2. The biosensor in accordance with claim 1, further comprising a
sample-supplying path comprising said substrate, a spacer and a
cover.
3. The biosensor in accordance with claim 1, wherein said member
for elimination of interfering compounds is located upstream from
the reagent layer.
4. The biosensor in accordance with claim 1, wherein said sample is
a biological sample and said interfering compounds is an
easily-oxidizable compound.
5. The biosensor in accordance with claim 1, wherein said redox
agent is a ferricyanide.
6. The biosensor in accordance with claim 1, wherein said carrier
comprises an ion-exchanging polymer.
7. The biosensor in accordance with claim 1, wherein said
measurement system comprises a working electrode and a counter
electrode which are formed on said substrate.
8. The biosensor in accordance with claim 1, wherein said electron
mediator and said redox agent comprise the same compound.
Description
BACKGROUND OF THE INVENTION
[0001] The present invention relates to a biosensor that can
rapidly determine a substrate concentration in a sample with high
precision and in a simple manner.
[0002] In recent years, various types of biosensors utilizing a
specific catalytic activity possessed by an enzyme have been
developed for determining a sugar such as sucrose or glucose. The
assay of glucose is now described as an example of the assay of a
substrate in a sample solution. A commonly known electrochemical
assay of glucose involves the use of glucose oxidase (EC1.1.3.4,
hereinafter abbreviated as "GOD") and an oxygen electrode or
hydrogen peroxide electrode.
[0003] GOD selectively oxidizes .beta.-D-glucose serving as a
substrate to D-glucono-.delta.-lactone with the use of oxygen as an
electron mediator. During the oxidation reaction by GOD in the
presence of oxygen, oxygen is reduced to hydrogen peroxide. A
decrease of oxygen is measured by an oxygen electrode.
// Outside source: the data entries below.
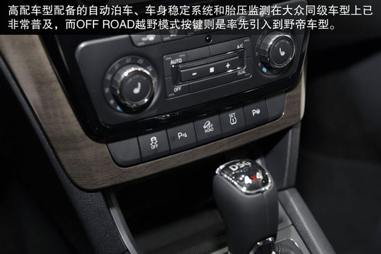 國產(chǎn)野帝內(nèi)飾造型只是在細(xì)微之處進(jìn)行調(diào)整,整體依舊采用了家族設(shè)計(jì)風(fēng)格。全新的四幅式方向盤風(fēng)格更偏運(yùn)動(dòng),雙炮筒式儀表盤除了有中央液晶屏帶來的行車信息外,黑底白字的高反差效果,令數(shù)字更加易讀。高配車型配備的自動(dòng)泊車、車身穩(wěn)定系統(tǒng)和胎壓監(jiān)測在大眾同級車型上已非常普及,而OFF ROAD越野模式按鍵則是率先引入到野帝車型。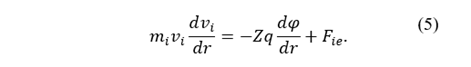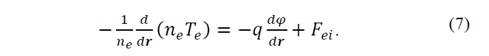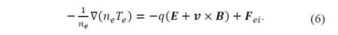 To determine the forces acting on the ions, an equation including the ion flux is included; also, the force due to the electric field exerted on this ionic fluid and the friction force with the electrons can be described by: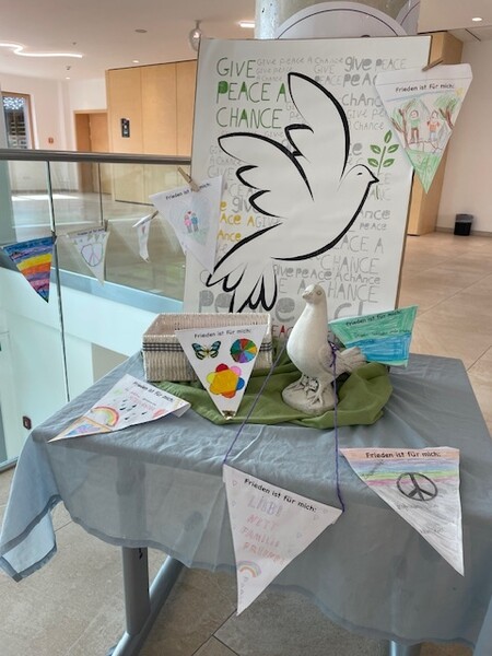 Anschließend wurde das Thema: „Frieden“ im Religionsunterricht vertieft und erarbeitet. Alle Schülerinnen und Schüler bekamen zum Abschluss ein Freundschaftsarmband. Das Band soll sie daran erinnern, dass wir alle miteinander verbunden sind und wir uns um Frieden in und außerhalb der Schule bemühen sollen. Andrea Figl
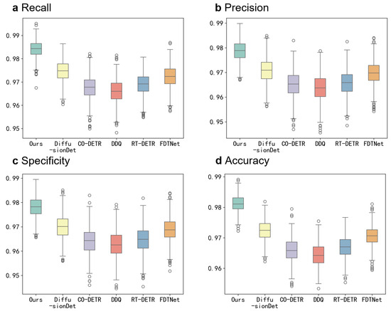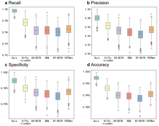To visually demonstrate the superior performance of our proposed model compared with other state-of-the-art (SOTA) models on the CTCH dataset, and to evaluate its consistency across different data distributions during testing, we present boxplots of our method alongside three SOTA models (DiffusionDet, CO-DETR, DDQ, RT-DETR, and FDTNet) on four metrics (recall, precision, specificity, and accuracy) in Figure 4. Bootstrapping was used to generate 1000 resampled independent test sets, simulating performance evaluations under varying data distributions. From the boxplots, we observe that our proposed model not only achieves the highest average performance but also demonstrates the narrowest performance interval across different data distributions. This indicates that our model’s performance is highly consistent, even under varying data conditions, and clearly outperforms other SOTA models in terms of robustness and reliability.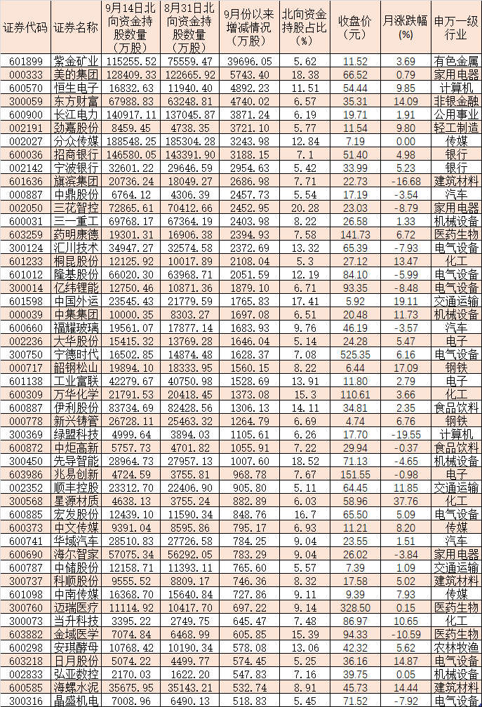 表:9月份以來北向資金增持?jǐn)?shù)量超1000萬股且持股比例在5%以上的個(gè)股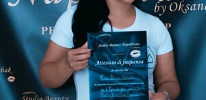 A fine corso sarà consegnato un Attestato di partecipazione, rilasciato da Studio Beauty Napolitano by Oksana Lapchak.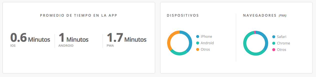 En «Navegadores» verás desde qué navegadores acceden los usuarios de PWA, que en Android por defecto suele ser Chrome, y en iOS Safari, pero puede ser que el usuario utilice «Otros» como Opera.

Alternatively, an increase of hydrogen peroxide is measured by a
hydrogen peroxide electrode. The decreased amount of oxygen and the
increased amount of hydrogen peroxide are proportional to the
amount of glucose in a sample solution and therefore the
concentration of glucose can be determined from the decreased
amount of oxygen or the increased amount of hydrogen peroxide.
[0004] As can be gathered from the reaction process, the
above-described method is accompanied by a defect that the result
is largely affected by the concentration of oxygen contained in a
sample solution. In addition to that, the absence of oxygen in a
sample solution makes the measurement impossible. In view of this,
a new type of glucose sensor which utilizes, as the electron
mediator, an organic compound or metal complex such as potassium
ferricyanide, a ferrocene derivative or a quinone derivative
instead of oxygen has been developed.
[0005] In a sensor of this type, a reduced form of the electron
mediator generated from an enzyme reaction is oxidized on an
electrode, and the concentration of glucose contained in the sample
solution is determined from the change of the oxidation current
level. With the use of such organic compound or metal complex as
the electron mediator instead of oxygen, it is possible to
accurately carry a known amount of GOD and the electron mediator on
the electrode in the stable conditions to form a reagent layer. In
this case, the reagent layer can be integrated with an electrode
system in a semi-dried condition.
[0006] Much attention has recently been paid to a disposable
glucose sensor based on such technique as disclosed by, for
example, the specification of U.S. Pat. No. 5,120,420. In a
disposable glucose sensor, the concentration of glucose is measured
by a meter device in a very simple way of just introducing a sample
solution into a detachable sensor connected to the meter device.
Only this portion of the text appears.